Aneil, who has spent his day bobbing around – a careful director who, in his words, takes a “360 approach” – thinks that one of the album’s many beautiful aspects is that it manages to effortlessly weave the intimate and a broader world view into one. “I grew up in a bog-standard British town where I knew I wasn't ‘British British.’ It was a privilege to come and make something about being who we are,” he says of his personal attachment to the project, noting that he is mixed race. “I didn't grow up with a deep connection to or knowledge about my Indian roots or that culture.” Earlier, Riz had walked me round part of the set, plucking out items, like photographs and gold jewellery, that were taken from his family home. Even though Aneil says he feels “ignorant and unqualified” when it comes to some aspects of his heritage, their combined creation of this South Asian family’s life is attentive and authentic.

“I mean isn't it funny though, because we all feel like we're not experts on our own experience? I think one of the most insidious things about all this shit we all implicitly know, we deal with every day is this idea that you’re taught to mistrust your own experience,” Riz jumps in to say, turning to Aneil and lifting him out of a tendency to be self-deprecatory. “A massive thing running through the album is actually the self-hate. How you internalise that voice. The turning point in the album is this idea of, who was I before that? Before I had to perform for others, before I had to fit someone else's idea of what a human being is. Who was I, who am I, when no one's watching? What does it mean to just bring it all in with you? Bring in the whole beautiful mess and own it. That’s the journey the album is hoping to take you on.”

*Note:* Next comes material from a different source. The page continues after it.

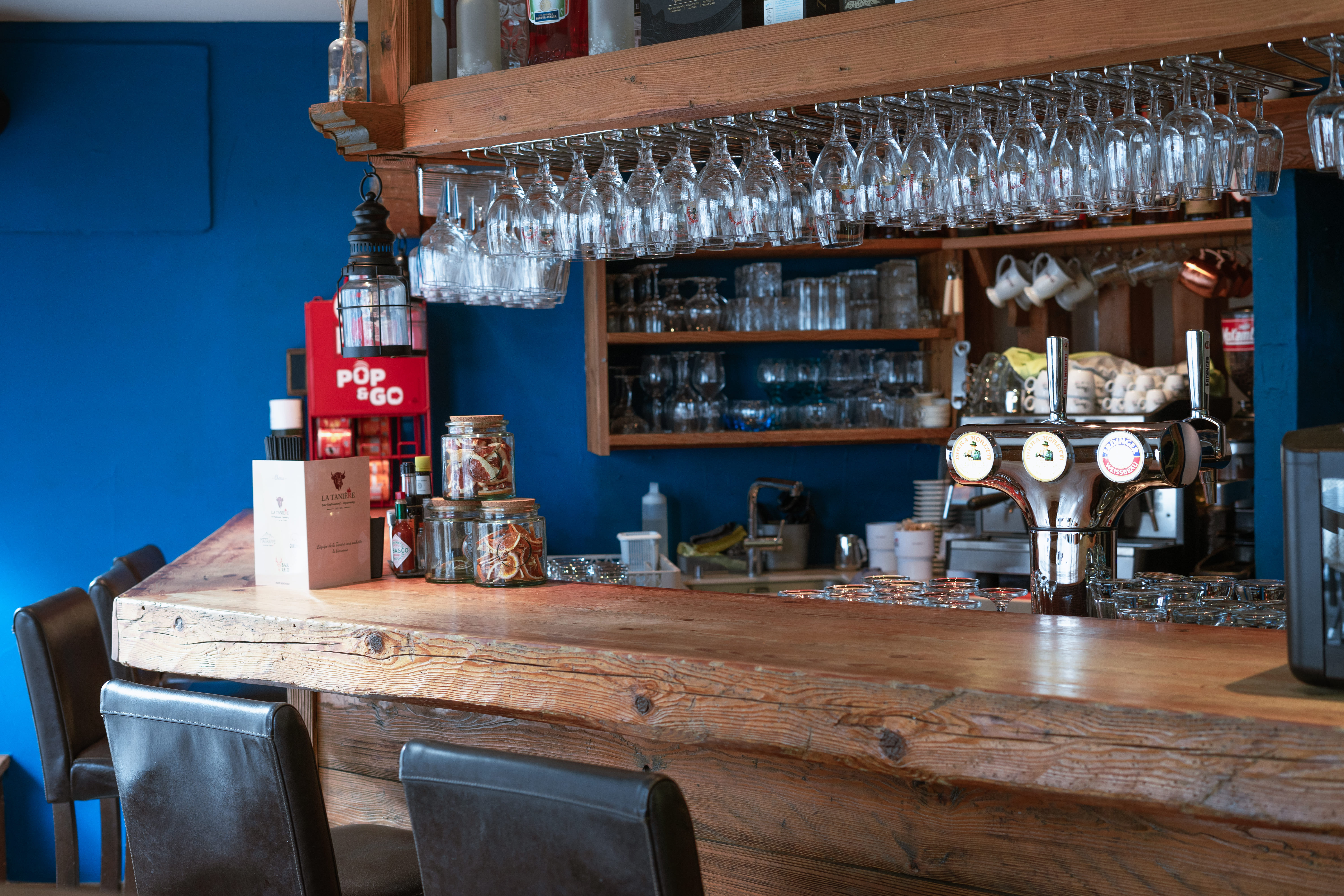 L'espace bar vous accueille pour vos apéros ou pour retirer vos commandes en take away. En hiver, la cabane à raclettes et vin chaud est là pour vous faire passer de bons moments, typiques de ce qui se vivent à la montagne.

Their creative process saw them pulling the film together in just a few months, but from the way the pair work together, it feels like they will be collaborators for much longer. “There’s something hopeful in sharing experience,” says Riz, “As soon as you articulate, ‘Listen, I feel afraid, or I feel angry, or I feel hopeless’ when people can connect with that and relate to that feeling... That in itself, that solidarity, that recognition, that is the seed of hope. I really believe you have to kind of name the obstacle before you can get over it.”

“Waking up is difficult. Waking up is scary business,” adds Aneil. “It's very tempting to stay under the covers.”